In Phillis Wheatley as Prophetic Poet: You Must be Born Again, Wallis Baxter, III, has not only added another significant scholarly voice (his own) to the still crucial conversation on liberation theology, he has also liberated this trailblazing 18th century bard from the confines of literary criticism and historicity that she may speak to a contemporary generation, desperately longing for another harmonious and efficacious rendering of freedom’s song.

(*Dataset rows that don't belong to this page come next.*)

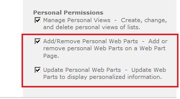 Clear the options “Add/Remove Personal Web Parts” and “Update Personal Web Parts”, to prevent the user personalizing the web part page.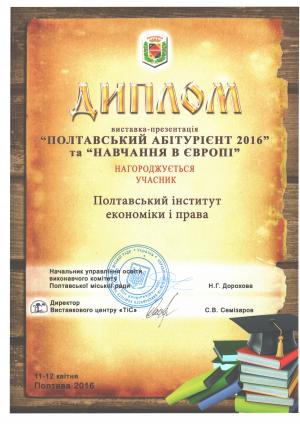 11-12 квітня колектив Полтавського інституту економіки і права взяв участь у щорічній міжрегіональній виставці-презентації «Полтавський абітурієнт – 2016», яка проходила у приміщенні Полтавської обласної універсальної наукової бібліотеки імені І.П. Котляревського. Цей культурно-інформаційний захід став традиційним ярмарком знань для учнів і сприяв обміну досвідом між освітянами.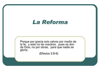 Los cinco lemas clave de la Reforma Protestante son: Sola Scriptura (solo la Escritura como autoridad), Sola Fide (solo la fe como medio de salvación), Sola Gratia (solo la gracia como fundamento de salvación), Sola Christus (solo Cristo como objeto de fe), y Soli Deo Gloria (solo a Dios la gloria en la adoración). Estos lemas resaltan las doctrinas centrales de la autoridad de la Biblia, la justificación por la fe, la gracia de Dios, la suficiencia de Cristo y la gloria de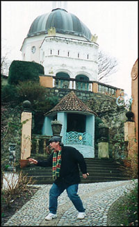 Out of the mountains and down to the west coast to visit the town of Portmeirion. Portmeirion is best known as the filming location of the cult TV show, The Prisoner. I won't go into a lot of negative, what-a-rip-off sort of stuff here but the bottom line is that it's expensive and pretty much a waste of one's time. See picture below for me doing furtive "Prisoner" moves at the location.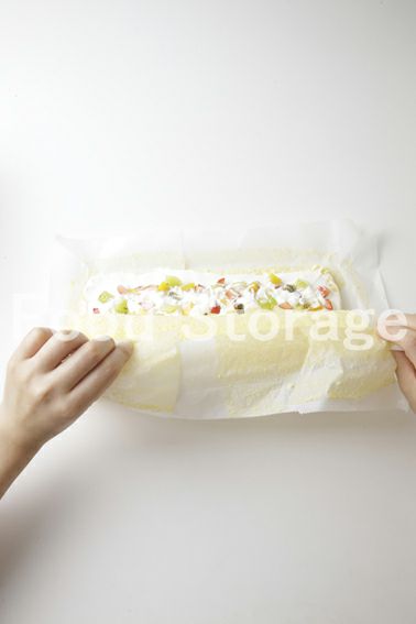 中心に1のクリームをのせ、パレットナイフで均一に塗り広げ、フルーツを彩りよく向こう4cmほど残してのせる(巻いていくうちに、押されていくため)。手前からオーブンシートごと持ち上げる。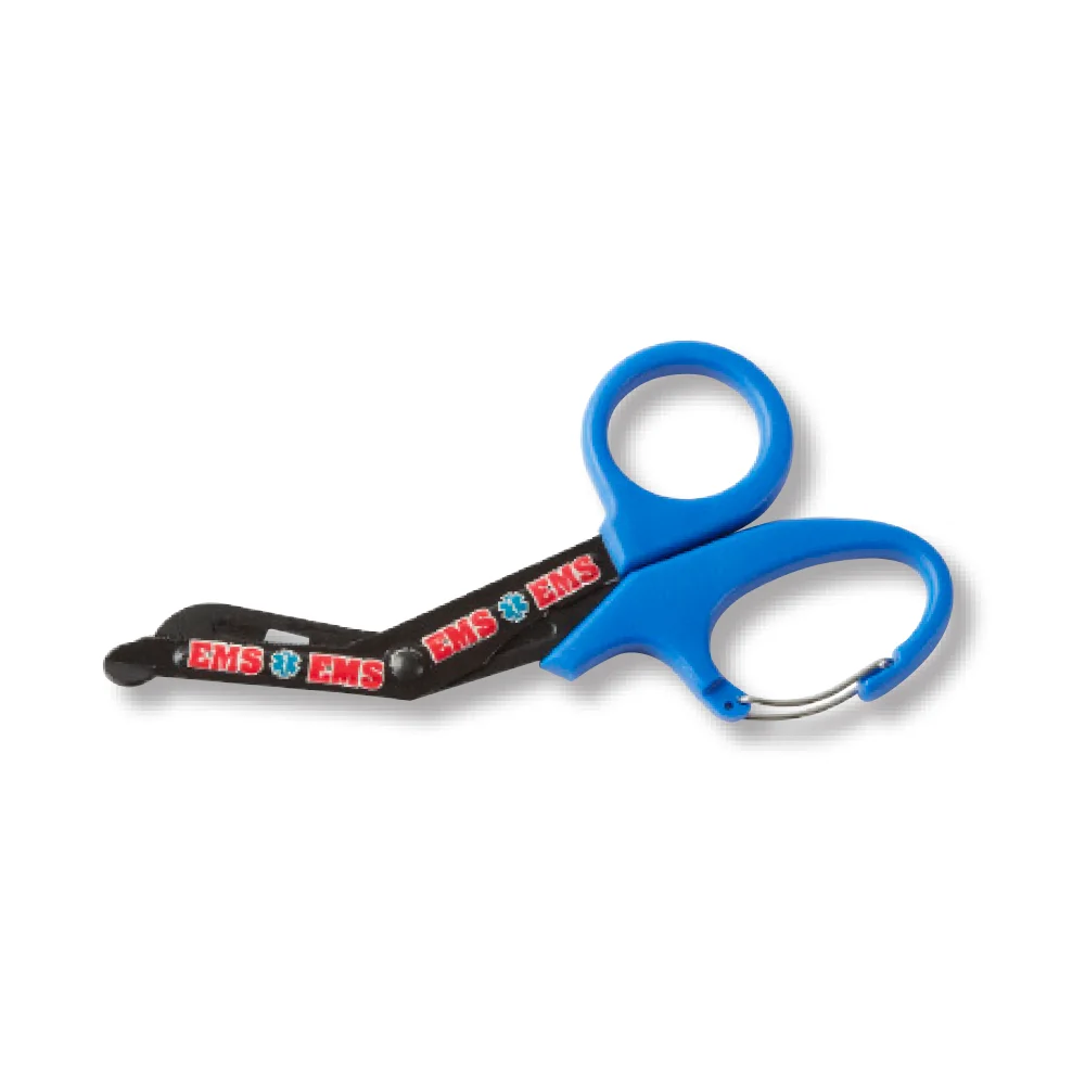 Medical Bandage/Utility Scissors With Carabiner: Effortlessly cuts bandages, gauze, tape, clothing, and more; Sturdy, surgical-grade stainless steel; Comfortable, soft-grip handles; Built-in, practical carabiner keeps scissors easily accessible; Autoclavable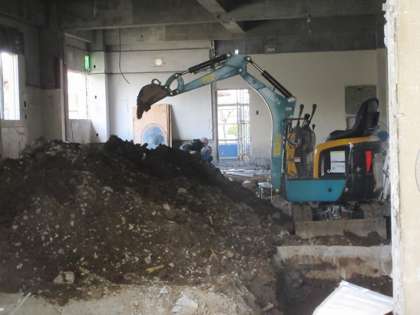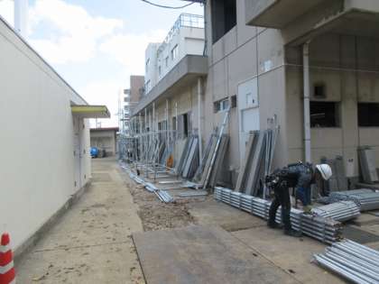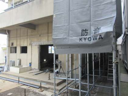 給食室の工事進捗状況です。給食室の中は床も全部はがされ、何もありません。周りに足場組まれ、次の作業工程へと入るようです。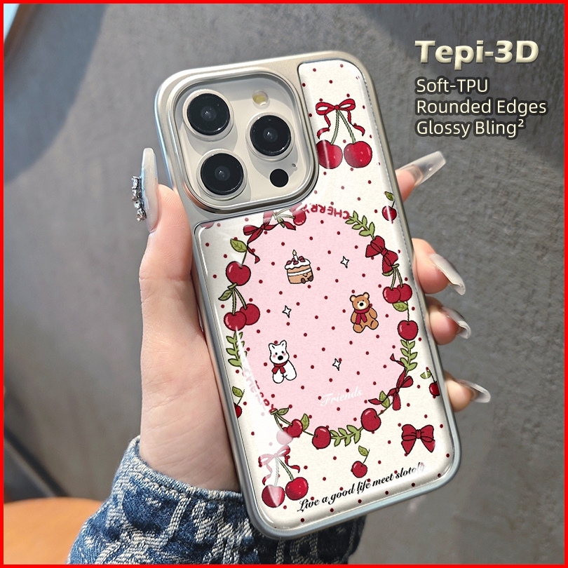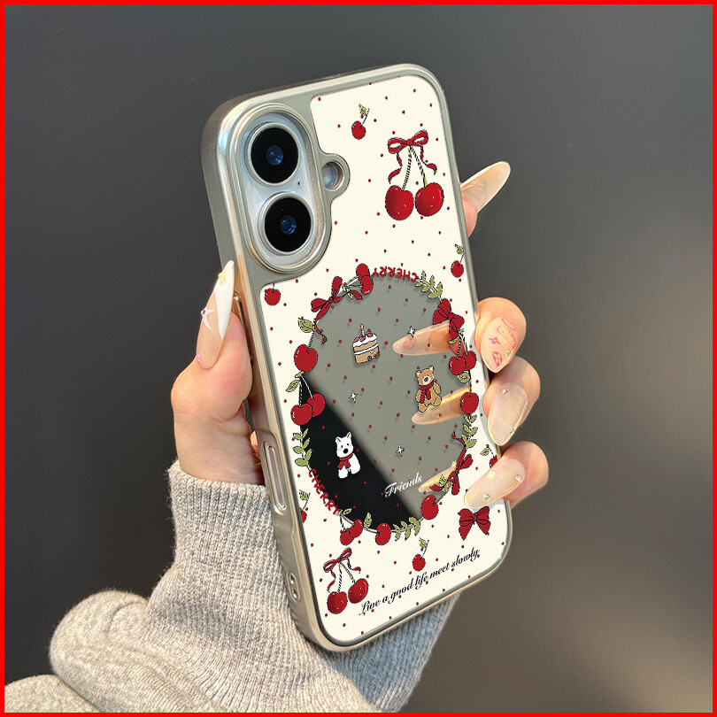 Cute Cherry Bling Bling Cermin Hologram Case Hp Iphone 16 13 15 11 12 11 14 Pro Max Silver Cewek Coquette Aesthetic Prem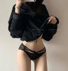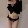 Cinta preta malha confortável respirável cintura baixa cuecas puro desejo sexy sem costura rendas roupa interior da menina tentação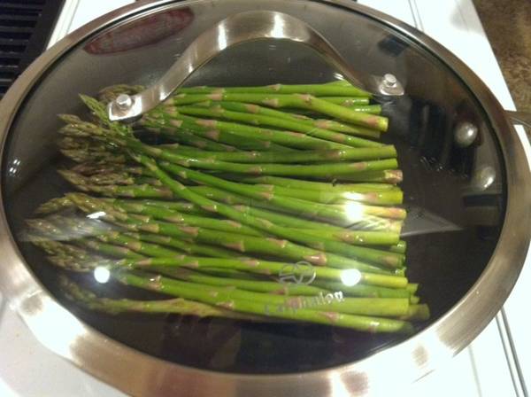 Place enough water in a medium skillet to slightly coat the bottom of the pan. Cover and bring to a boil. Place spears in water and cover again. Steam for 3-5 minutes or until your spears are tender but still firm. I used very small spears and 3 minutes was perfect. If you use the thicker spears you will need to increase that time.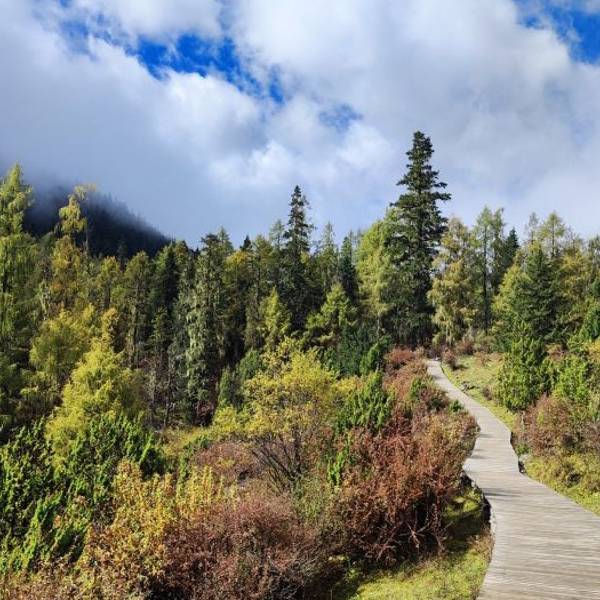 玛嘉沟景区马尔康过去一个半小时左右,路况很好,最重要的是国庆人也超少,可以说是很小众的景点了。门票包含旅游小巴,60块钱性价比很高。景区海拔不算.高,徒步难度很初级,都是木栈道。

— Aaron Parker, Morehouse College
By positioning Phillis Wheatley as the poet theologian who inaugurates what will become American liberation theology, Baxter brilliantly transforms and recalibrates the African American literary tradition, Wheatley studies, and Black liberation theory. Baxter argues that aesthetics, tradition, ethics, race, religion, history, and, indeed, freedom are central to Wheatley's art as prophetic consciousness, transforming both African American literary studies and seminary studies. A must read for scholars and readers of Wheatley and Black liberation theology, this interdisciplinary study is rigorously theorized, elegantly written, and critically rich. Phillis Wheatley as Prophetic Poet: You Must Be Born Again is a blessing for scholars, students, and readers of early American literature, African American literature, and Black liberation theology.

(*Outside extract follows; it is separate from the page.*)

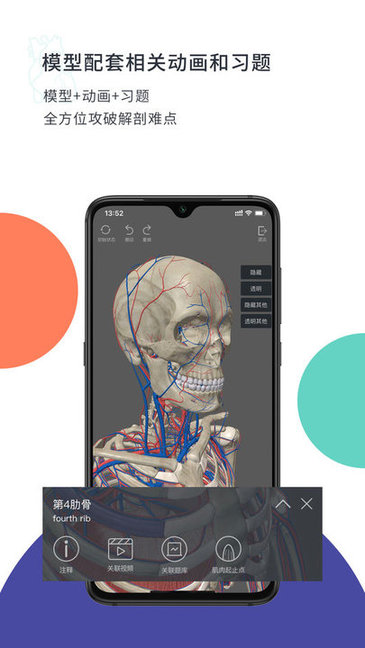 4000多个超高精度的3D人体模型,可360°观察,任意缩放、隐藏、透明人体器官如骨骼及关节,并配套专业的文字解释、肌肉起止点,并且每个模型都配套了相关的动画与习题。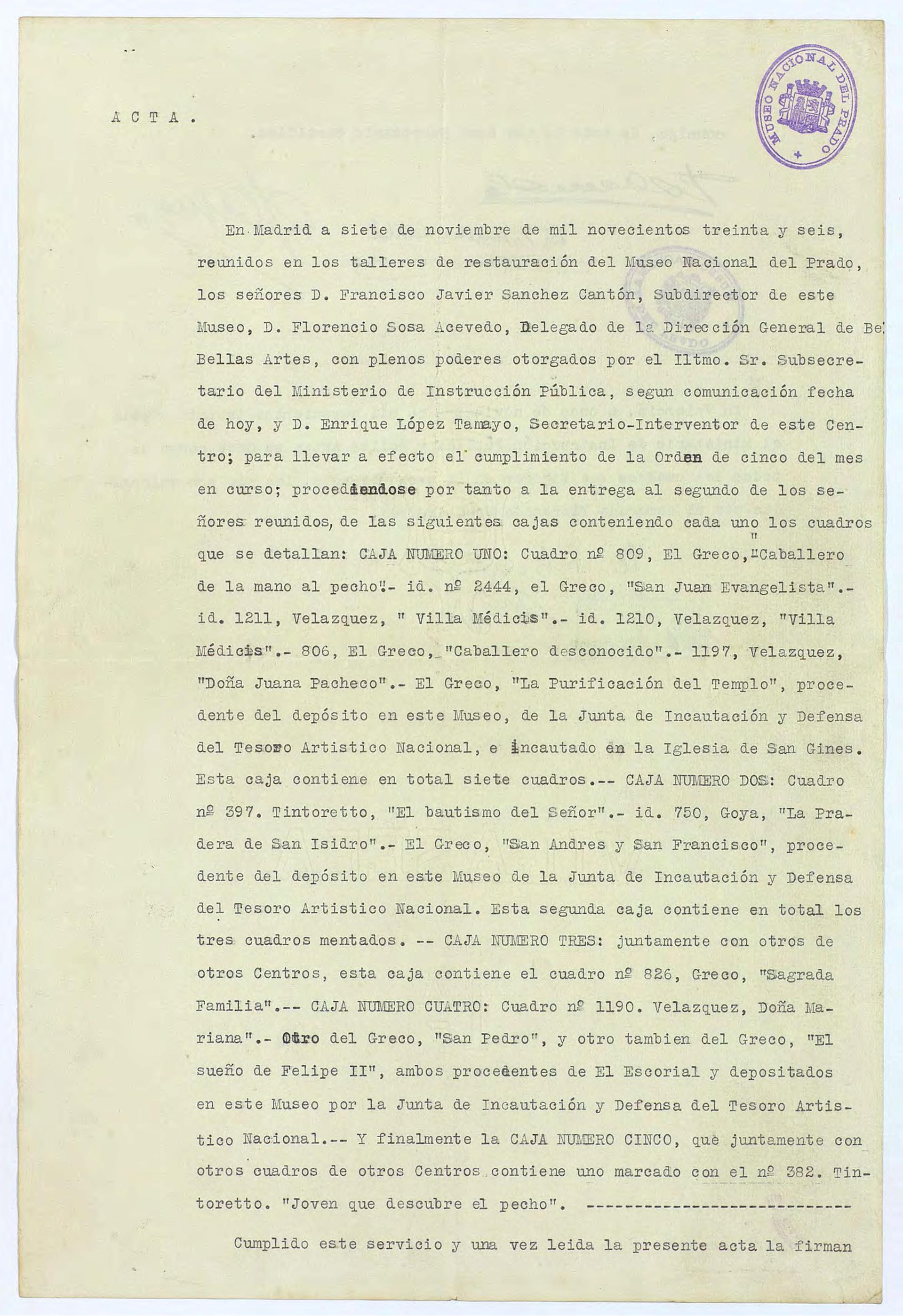 Acta original de entrega de Obras de Arte del Museo del Prado.

— Angelyn Mitchell, author of The Freedom to Remember: Narrative, Slavery and Gender in Contemporary Black Women's Fiction, Georgetown University
Even if Wallis Baxter had not told us in the early pages of this work, how could we fail to recognize his scholarly formation at Morehouse and Howard? A clear intellectual descendent of the great scholar/clergyman, Benjamin Mays, Baxter makes a case for Phillis Wheatley as the poetic herald of the hope of liberation for the captive Black in eighteenth-century America. To posit that the first searching articulations of Black liberation theology were not systematic but poetic, and from the quill pen of a Black woman is brilliant. Undoubtedly Phillis Wheatley as Prophetic Poet will have a wide cross-disciplinary audience.
— Maurice Wallace, Rutgers
Baxter frequently compares Wheatley's poetry to the works of other figures this era produced and unpacks ways Wheatley's writing coincides with biblical passages. He believes that through her writings, Wheatley “uses her mind to reimagine a world that represents the original created order of things, thereby articulating agency for herself and a new reality for her people” (p. 62). Later, Baxter challenges some of Wheatley’s critics and provides alternative ways of reading her work…. Recommended. Undergraduates through faculty and general readers.